What would you do if you were president of your college for a day? Portland Community College student and Phi Theta Kappa honor society member Adrian Thompson had just that opportunity on Tuesday, June 1 when (former for a day) Cascade Campus President Algie Gatewood stepped aside to let the young man step forward.
On the verge of obtaining his associate's degree and transferring to Howard University to pursue a career as a dentist, Thompson held a roundtable discussion about student success and retention with faculty as part of his day on the job. With little to no money available, Thompson and others explored ways to help students and the college better achieve their goals.
"The learning center is a great way to get involved," Thompson said.
Not the typical student, Thompson got heavily involved with different aspects of the PCC college community during his freshman year. He attended a number of different social events, visited his academic advisors regularly, and spent over one hundred hours in the learning center.
Before attending PCC, Thompson attended Jefferson High School briefly before enrolling in the alternative Open Meadows High School. At Open Meadows, he excelled and eventually began taking classes at Cascade Campus as part of an optional career and education exploration class.
Penny Thompson, coordinator for the student resource center, asked Adrian Thompson how advisors and counselors might be more visible to students.
The president for a day said he liked it when counselors stopped and talked with him when he was studying. He also thought establishing an incentive system for spending time in the learning center would encourage students to study.
Some faculty members asked Thompson if communication lines between the college and students were clear.
Another student who was present, Phi Theta Kappa member Danielle Dalbok, said word of mouth, as well as what instructors pass on to students in class, is more powerful than emails or televisions stationed around campus.
As Thompson moves on to Howard University, he says high school students should take advantage of PCC's partnership with Portland Public Schools.

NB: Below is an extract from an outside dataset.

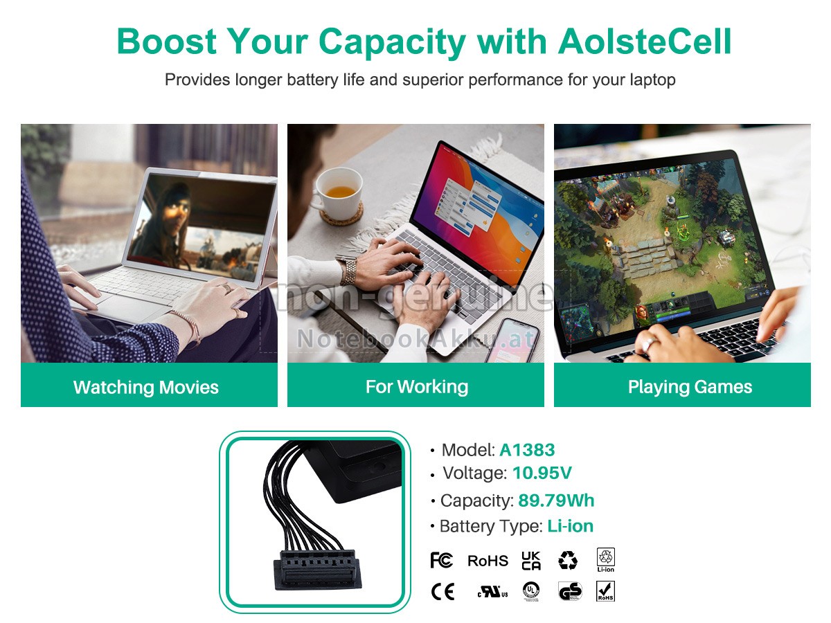 Ersatzakku für Apple MC725LL/A* in der Webseite NotebookAkku.at zählt zu besten Wahlen. Wir bieten Ihnen mit günstigerem Preis die hochwertigere Akku des Notebooks. Apple MC725LL/A* Akku, der aus hochwertigem Li-Polymer von Samsung, Panasonic und LG hergestellt wird, kann für mindestens 600 Zyklen aufgeladen / entladen werden, was Ihnen ein hervorragendes Erlebnis zur anhaltenden Verwendung bietet.

Getting to know the way around campus and the pace of college life made him far more prepared than some of his other classmates.
"Getting exposure in high school is very important," he said.

Phi Theta Kappa honor society members Danielle Dalbok,  Thompson and PCC's Gatewood

With his staff meeting out of the way, Thompson then went to have lunch with Portland Mayor Sam Adams. After lunch, Gatewood said they'd be doing some of the more mundane aspects of the job – answering emails and going over the budget.
Ah, the life of a college president.